Жемчужные глаза сверкали отчаянием и метались по всему пространству кухни, отыскивая себе местечко и не решаясь примкнуть никуда особенно. В гостях у Влада Семела была впервые. Его мама была ужасно строга в этом отношении – никому из чужих не дозволялось входить в дом. А чужими для нее были все в деревне. Семела знала, что, несмотря на всегдашнюю доброту и приветливость, мама Влада непременно прогонит ее, если застанет в своем доме.

В этом доме пахло особенно. Влад того никогда не замечал, но Семела даже в суете отчаяния заметила приятный запах старины. Она порывисто прошагала по кухне, как бы стыдясь своего появления, после чего в бессилии прижалась к теплой печи. В ее доме никогда не топили весной. А здесь печь была такая большая и горячая, и так она вкусно пахла, что хотелось ее обнять и заснуть.

– Селька, – Влад не знал, что предпринять. Он был ужасно напуган.

– Прости, прости, прости, – Семела зажмурила глаза и быстро затараторила. – Зря я к тебе… я сейчас посижу… пережду… и уйду куда-нибудь. Прости, Влад, ты мне один спаситель.

– «Куда-нибудь»? – рассерженно повторил Влад. – Селька, быстро признавайся, чего у тебя?

Он уже понял, что стряслось. Рано или поздно это неминуемо должно было случиться. Влад сердился не на нее, не на бедную милую «Сельку», а на ее отца. Стук ветра в окне заглушил крик из соседского дома. Влад незаметно глянул на улицу – свет в доме Семелы погас. Что там происходило теперь, оставалось только гадать.

– Я попрошу маму тебя оставить, – запросил Влад, не дожидаясь разъяснений девочки. – Я упрошу, Селька! Ты у нас переждешь.

Она отрывисто мотала головой. Влада всегда это раздражало в ней – она была слишком горда. Даже в укор себе. Семела наотрез отказалась проситься в чужой дом. И, как явилась бы мама Влада, тут же удрала бы куда-нибудь на улицу. Или в лес.

В лес. Вполне в ее характере было бы спрятаться там, не разбирая дороги.

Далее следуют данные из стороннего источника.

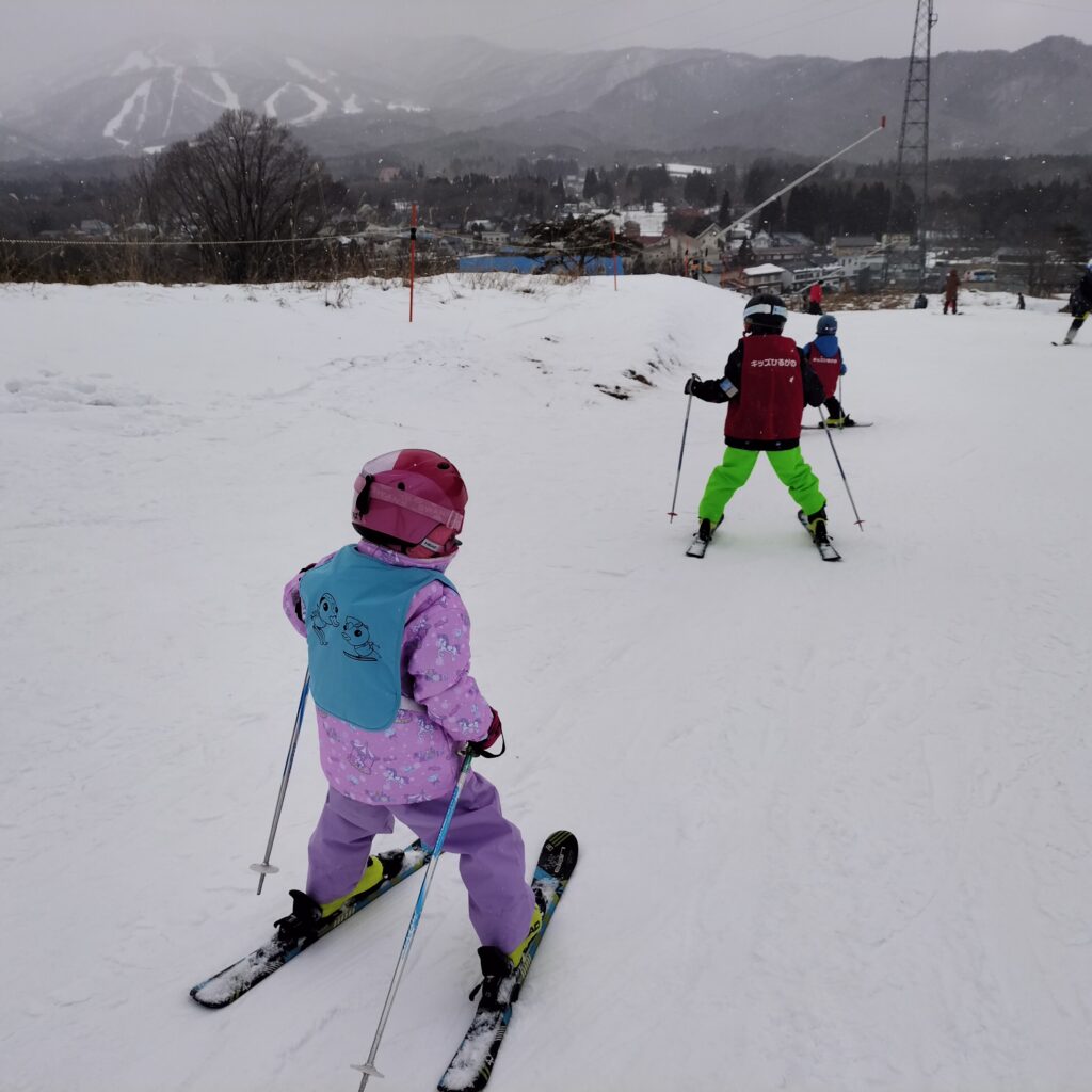 外スキーにしっかり乗る。初日コアラコース、2日目ゾウコース、次回はライオンコースです、すぐ上達するキッズ。雪不足のためコースは山頂から1本しかありませんが、空いているので何本も滑って練習しました。
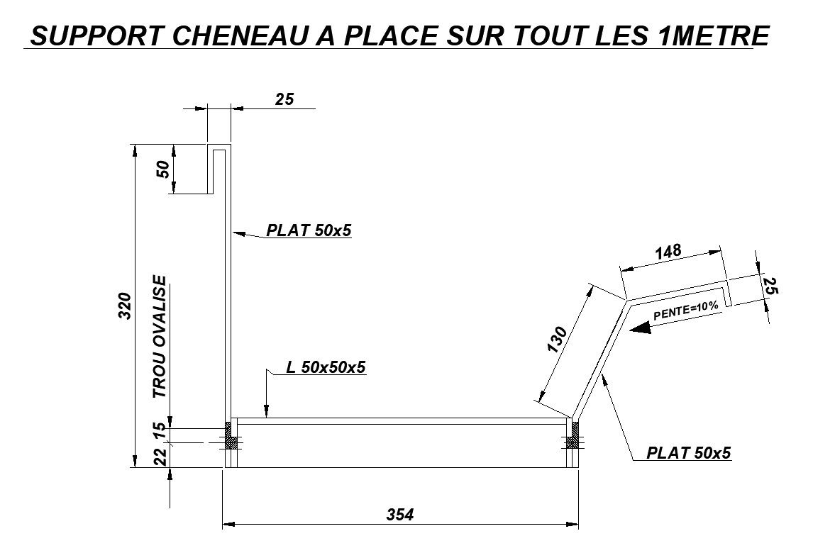 Gutter support on every 1 meter in detail AutoCAD 2D drawing, CAD file, dwg file
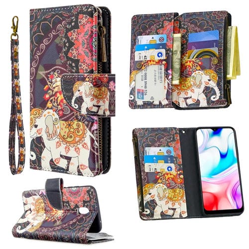 Para Xiaomi Redmi 8A Patrón de Dibujo de Colores Cremallera Funda de Cuero con Tapa Horizontal con Soporte y Ranuras para Tarjetas y Billetera (Elefantes de Flores)
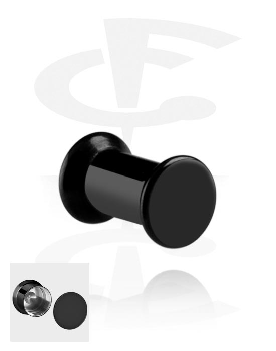 Plain black plug made of surgical steel, with a back that unscrews to reveal a tiny secret compartment! Available in various sizes. A perfect addition to just about any look.
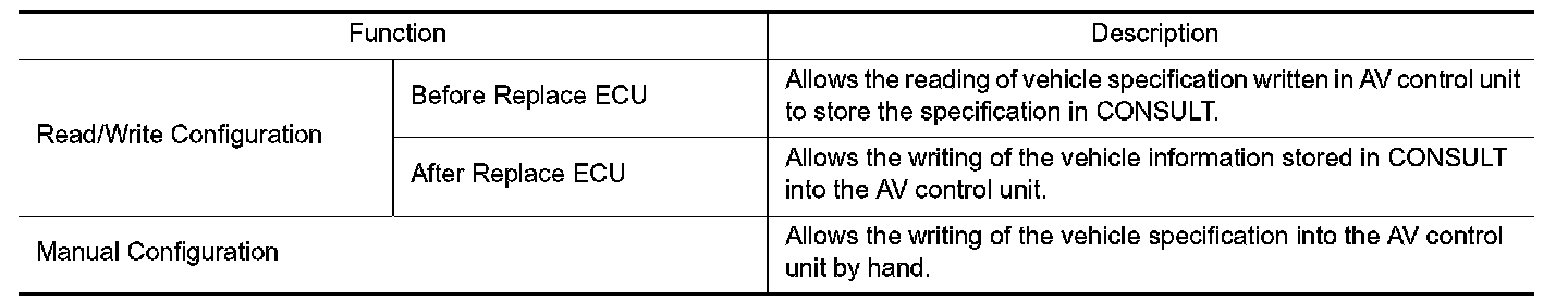 CONFIGURATION (AV CONTROL UNIT)Description - Since vehicle specifications are not included in the AV

– Боюсь я туда… – Семела кивнула в окно, в сторону своего дома. – Отец маму почти убил, он и меня, и меня убьет…

Она вся тряслась и не могла сделать и шагу от печи.

– Я побегу к соседям! – предложил Влад. Страх передавался и ему.

Жемчужные глазки округлились и сверкнули:

– Попробуй! – с наглым вызовом бросила Семела. Страшная обида обреченно взвыла ее голосом. – Только считают все деревенские мать мою за ведьму! Не пустит меня никто. И за маму не вступятся. Скажут, что поделом убил. Поделом убил! Всегда говорят так они. Будто поделом ей!

– Глупости!

– Вот и не глупости! Погонит тряпкой меня со двора тетя Ксюня, злая она. И Савельев злой, бранился он на мою маму! Не пойду – даже проситься к ним не стану, все они злые, злые!

Влад навсегда запомнил это лицо – маленькое и всегда доброе, почти родное, одной минутой исказившееся животным страхом, но страхом таким, какой способен в осколки разбиться о непомерную человеческую гордость. Гордость, непонятно откуда возникшую в детском воображении, и без того всю жизнь угнетаемом бесконечными нападками отца и отстраненностью матери. Гордость, взращенную всеобщим порицанием.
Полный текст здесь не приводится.